«Cultura» è un termine vago, una parola autobus su cui sale chi vuole, spesso senza nemmeno pagare il biglietto. Perciò, bisogna intendersi su cosa parliamo quando parliamo di cultura e, soprattutto, di rapporti fra cultura ed economia. In un suo articolo su «l’Espresso», in risposta alla famosa battuta di Tremonti, Umberto Eco aveva scritto: «Non mi occuperò dell’accezione antropologica del termine (cultura come insieme di valori e comportamenti) per cui esiste una cultura del cannibalismo, una cultura mafiosa, o una cultura del velinismo berlusconiano. Parlerò di cultura nei termini più banali, come di produzione creativa (pittura e letteratura, musica e architettura), di consumo di questa produzione, di organizzazione dell’educazione (scuole di ogni grado) e di ricerca scientifica».
Attenzione, perché Umberto Eco ha cesellato, con la capacità che gli è propria, i vertici del «triangolo della cultura che si mangia», ovvero dell’economia della conoscenza:
1) l’industria culturale (ma sul termine non del tutto appropriato avremmo e avremo da ridire) del design, dell’artigianato, delle arti visive, degli audiovisivi, dell’editoria, dello spettacolo e dei nuovi media;
2) la formazione (scuola primaria, scuola secondaria, università, long life learning);
3) la ricerca scientifica, lo sviluppo tecnologico e la produzione di beni e servizi hi-tech.

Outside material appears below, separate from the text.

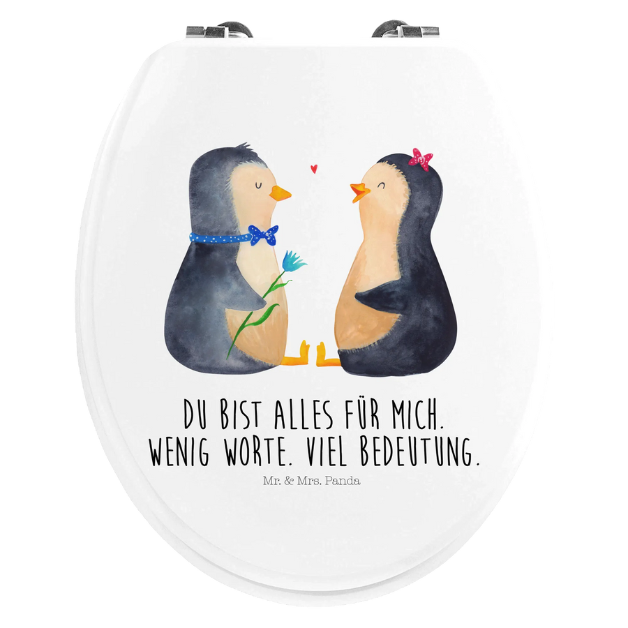 Perfektes Geschenk für Verliebte: Unser Motiv WC Sitz „Pinguin Pärchen" von Mr. & Mrs. Panda ist ein liebevoll gestalteter Toilettensitz, der Design und Emotion verbindet. Zwei süße Pinguine schauen sich verliebt an und der Slogan „Du bist alles für mich. Wenig Worte. Viel Bedeutung.“ macht ihn zum idealen Liebesgeschenk für Hochzeit, Verlobung oder Jahrestag.

Tuttavia, nel cesellare quei vertici, Umberto Eco ci ha spiegato anche perché l’Italia dà credito a persone che la pensano come Tremonti e perché il Paese è fuori da quel triangolo della conoscenza dove il resto del mondo si riunisce (anche) per mangiare. E già, perché i mali del nostro Paese, da almeno un quarto di secolo a questa parte, nascono dall’egemonia (non assoluta, ma soffocante sì) di un modello economico: quello dello «sviluppo senza conoscenza». Un modello che ci tiene fuori dal triangolo che conta e che, se in passato ci ha consentito una crescita economica notevole, è ormai – da un quarto di secolo a questa parte – del tutto desueto. Di più: del tutto insostenibile.
Perché? Ma perché il mondo – con le sue bolle e le sue crisi finanziarie, le inaccettabili e inedite disuguaglianze, i ricchi sempre più ricchi e i poveri sempre più poveri, l’impronta umana sull’ambiente che è diventata ormai quella di un piedone da gigante che esplode dalla scarpa di un bambino – sta andando da tutt’altra parte. Verso uno «sviluppo fondato sulla conoscenza».